今や、いつでもどこでもインターネットに接続できるのが当たり前。企業も、規模の大小に関わらずWebメディアやWeb広告を使った認知の拡大、見込み客獲得、売上アップ等を目指すようになりました。

オンライン広告のなかでもポピュラーなリスティング広告は、2002年頃に登場。低コストで手軽に始められるということで長年人気を集めています。

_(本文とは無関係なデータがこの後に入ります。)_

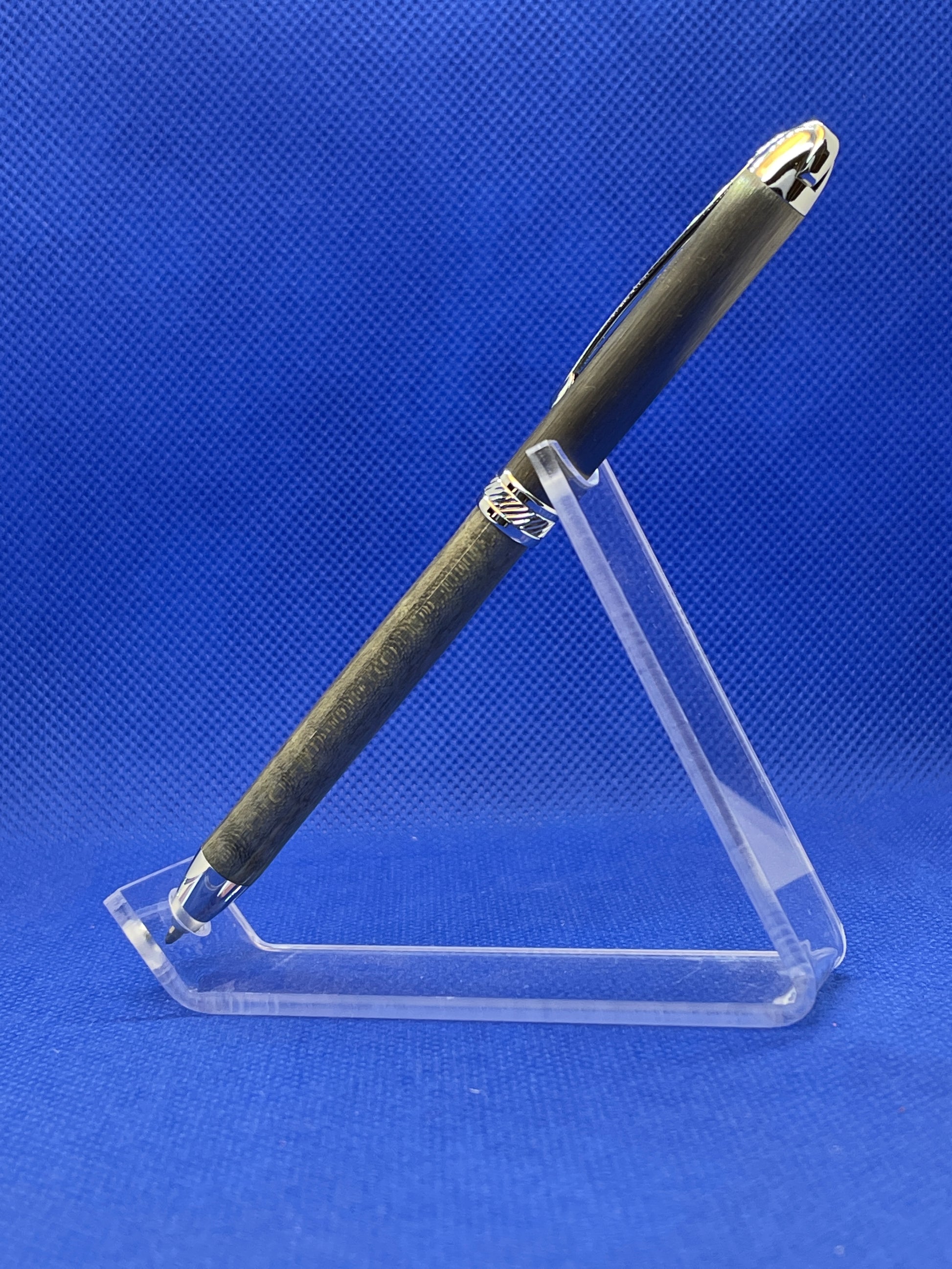 This Surfix Duo ballpoint pen features two-tone brushed gunmetal and chrome trim with an articulated clip and a grey curly maple wood body. It is a slim, lightweight pen that is ideal for carrying in a purse or pocket. It uses standard Cross style refills.

しかし、広告がどんどん複雑化してきているという問題も。広告主のニーズに応えて柔軟度が増していく一方で、運用の難易度も上がってきているのです。「人員が足りず、運用に時間を避けない」「知識がなくてよくわからない」という課題を抱える企業増えてきています。

リスティング広告の運用は手がかかる

では、そもそもリスティング広告とは何なのか、というところから見ていきましょう。
シェアのほとんどはGoogle、Yahoo! JAPANが占めており、基本的な構造はどちらも同じ。「リスティング広告=検索連動型広告」と思っている人もいますが、コンテンツ連動型広告もリスティング広告に含まれます。

  • 検索連動型広告

ユーザーが検索エンジンに打ち込んだキーワードに連動して検索結果に表示されるテキスト広告。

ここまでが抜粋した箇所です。